─── Material supplied ───
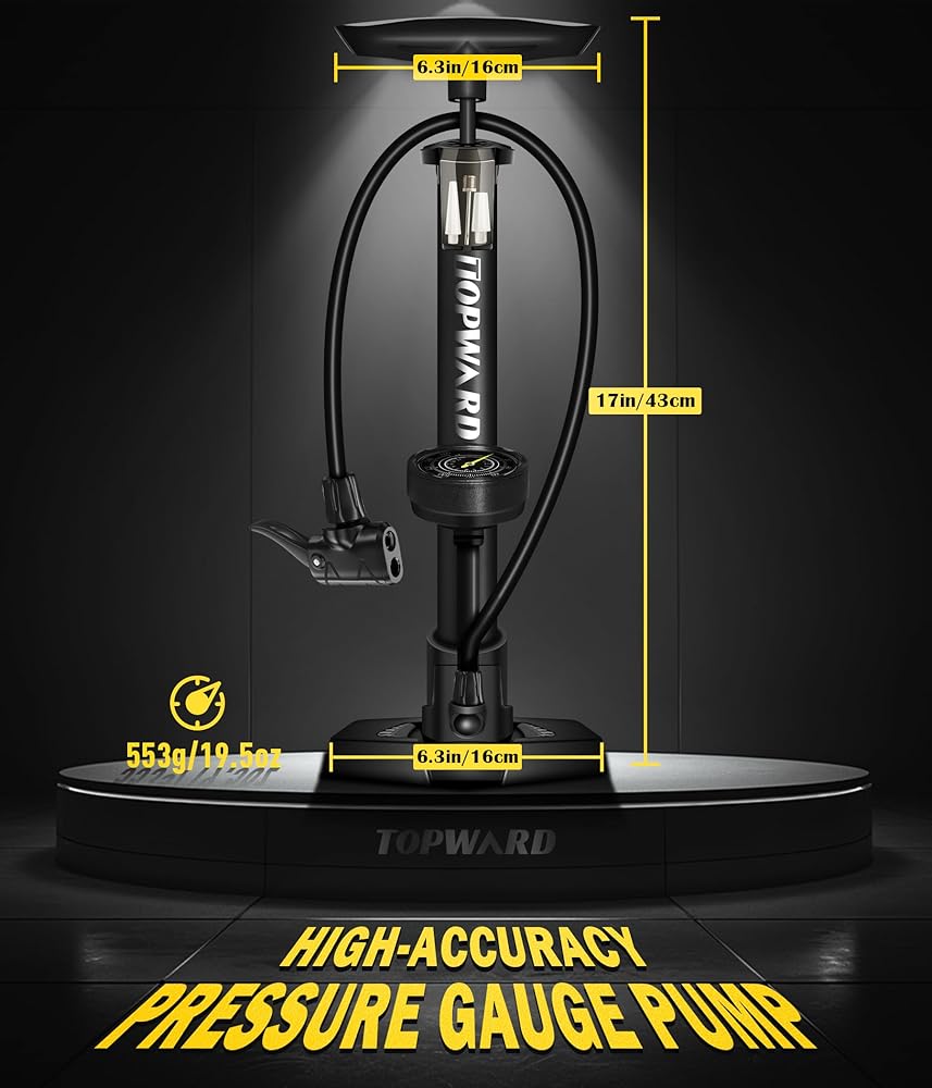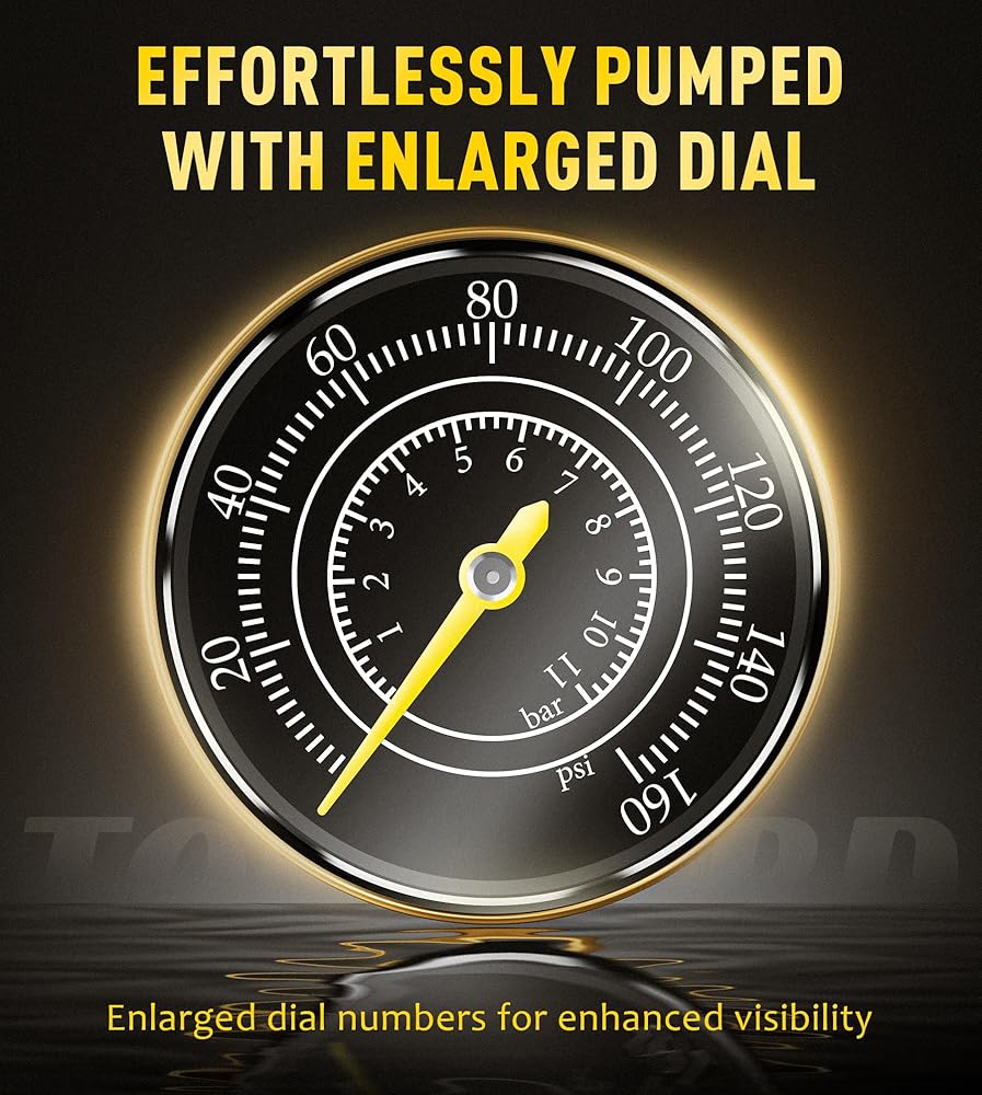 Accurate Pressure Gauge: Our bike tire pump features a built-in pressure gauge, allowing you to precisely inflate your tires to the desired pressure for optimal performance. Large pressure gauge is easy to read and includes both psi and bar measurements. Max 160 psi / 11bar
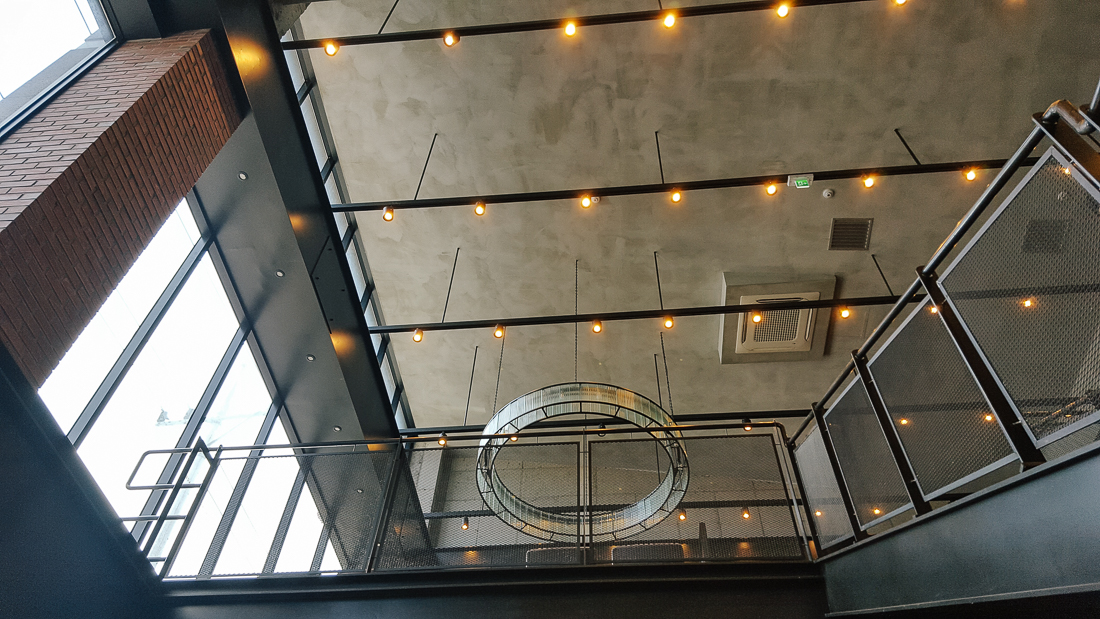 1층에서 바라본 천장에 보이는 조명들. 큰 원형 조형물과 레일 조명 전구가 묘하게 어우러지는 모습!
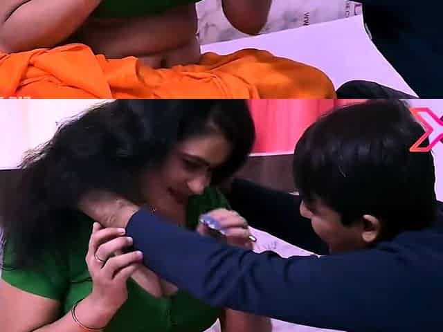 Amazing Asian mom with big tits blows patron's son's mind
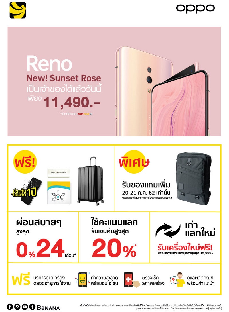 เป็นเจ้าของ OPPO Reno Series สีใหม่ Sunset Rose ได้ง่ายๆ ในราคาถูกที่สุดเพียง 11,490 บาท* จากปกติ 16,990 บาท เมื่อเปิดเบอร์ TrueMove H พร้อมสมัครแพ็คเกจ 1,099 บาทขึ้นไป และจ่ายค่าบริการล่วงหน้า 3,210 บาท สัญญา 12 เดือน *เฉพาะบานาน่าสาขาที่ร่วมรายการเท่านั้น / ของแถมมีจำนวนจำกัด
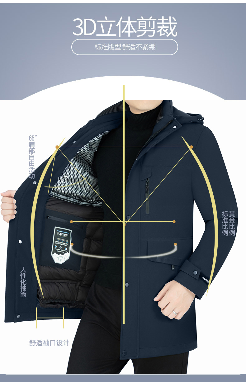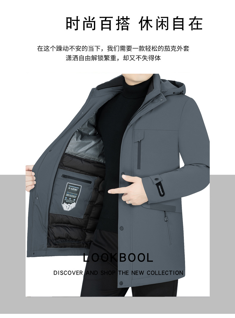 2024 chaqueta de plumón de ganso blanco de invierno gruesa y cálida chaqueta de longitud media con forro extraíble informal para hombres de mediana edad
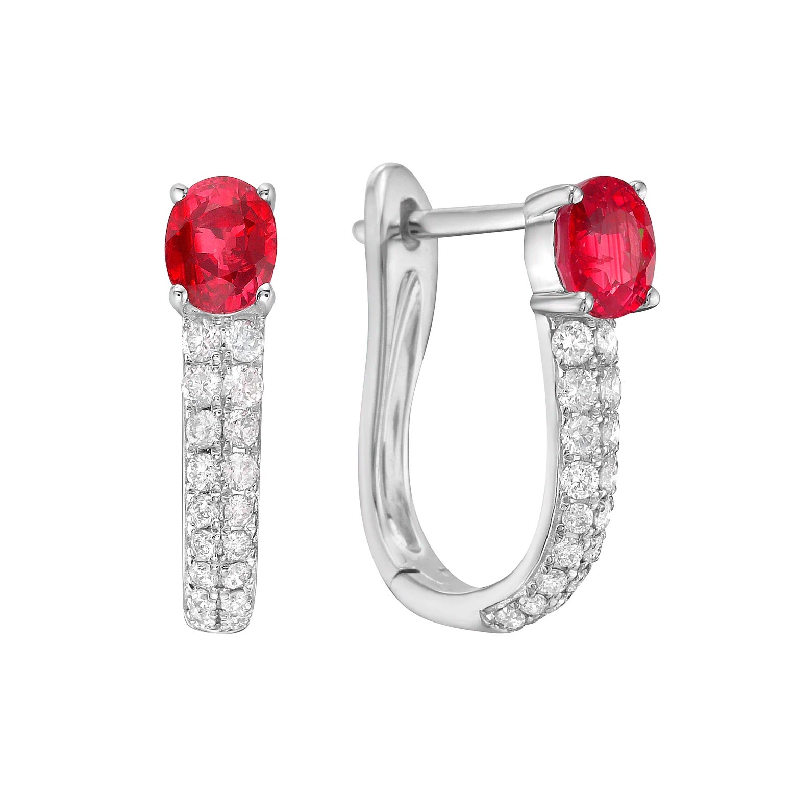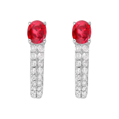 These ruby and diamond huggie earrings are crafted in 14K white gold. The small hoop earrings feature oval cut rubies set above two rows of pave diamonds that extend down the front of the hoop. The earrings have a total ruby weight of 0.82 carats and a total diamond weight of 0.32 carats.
───
Exercise prompt ->
Copy word for word every line from the start of the material through the line holding "1층에서 바라본 천장에". The pictures are not part of the copy.

Worked solution ->
 Accurate Pressure Gauge: Our bike tire pump features a built-in pressure gauge, allowing you to precisely inflate your tires to the desired pressure for optimal performance. Large pressure gauge is easy to read and includes both psi and bar measurements. Max 160 psi / 11bar
 1층에서 바라본 천장에 보이는 조명들. 큰 원형 조형물과 레일 조명 전구가 묘하게 어우러지는 모습!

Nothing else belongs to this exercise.